Dr. Jerry Chidester: Okay. See, that's good. So it hurts a little bit, but the least. That's what we're going for. So again, we're going to inject these couple of areas here and we're using Goldie today. This is a new technique for this, but if we can distract the nerves, distract her a little bit with that, that would help. And that's why. I don't know. So anyway, we're going to just do a little poke here again. Okay, once in here. It's okay if it's puffy like this. I'm happy with that. Okay, did great. And I always just gently pinch. You're going to feel a little pressure. Not like dentist pressure. It's just a little pulling maybe when I put the stitches.
Dr. Jerry Chidester: So I always check to make sure she doesn't feel anything sharp. Because these are kind of... The [inaudible 00:04:42] are there to grab tissue. So the goal for these is to remove, obviously, the entirety of what you can see for it, but I'll be able to close it, make it look nice, too. This one's out. One of your friends is gone.
Speaker 3: Look it up.
Dr. Jerry Chidester: Check it here.
Speaker 3: Sorry, a little [inaudible 00:05:23] here.
Stephanie: Oh, no worries.
Dr.

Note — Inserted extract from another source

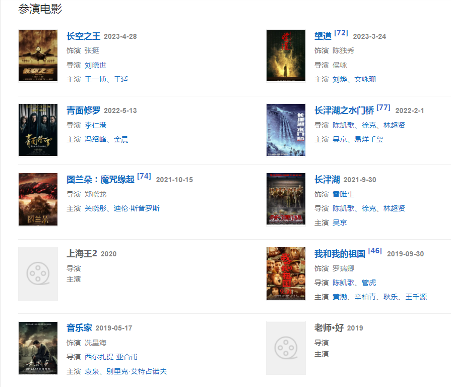 2021年,與吳京、易烊千璽等合作主演抗美援朝電影《長(zhǎng)津湖》上映。

Jerry Chidester: Okay. So we're done here at the neck, and I just want to show we're doing something here where we have permanent stitches in, but they're under the skin. And I just want to show you what that is. So I have these little knots hanging on both ends. So there are dissolving stitches underneath here and in her neck. But then I run underneath this skin, this permanent blue suture called a proline, and I tie the ends out. So what we'll do is we'll come back in about five to seven days or once it's healed, and we'll just snip these out and just gently pull them out. So there's no retained, permanent suture.
Dr. Jerry Chidester: We're all done. So we did a few places on your neck, right? Like four here, four spots. Then we do one on your tummy and then a couple on her side. So how do it go?
Dr. Jerry Chidester: Is it okay?
Stephanie: Yeah, it's great.
Dr. Jerry Chidester: She didn't cry at all. Only at the beginning.
Stephanie: Only a little bit.
Dr. Jerry Chidester: Awesome. Nice job. Okay. So I just want to talk quickly about skin protection. Though there's different ways, you mentioned sunscreen, sunscreen is great. There's UVA and UVB rays that you hear about, and sunscreen and most of the majority ones protect against the UVB. And then there's actually some products that protect against UVA rays now, too. So the thought is actually initially that UVA is like no big deal, but actually UVA, the more we study it, the more we think that actually, because the penetration's a little bit different, that we should protect against it, too. Cool. All right.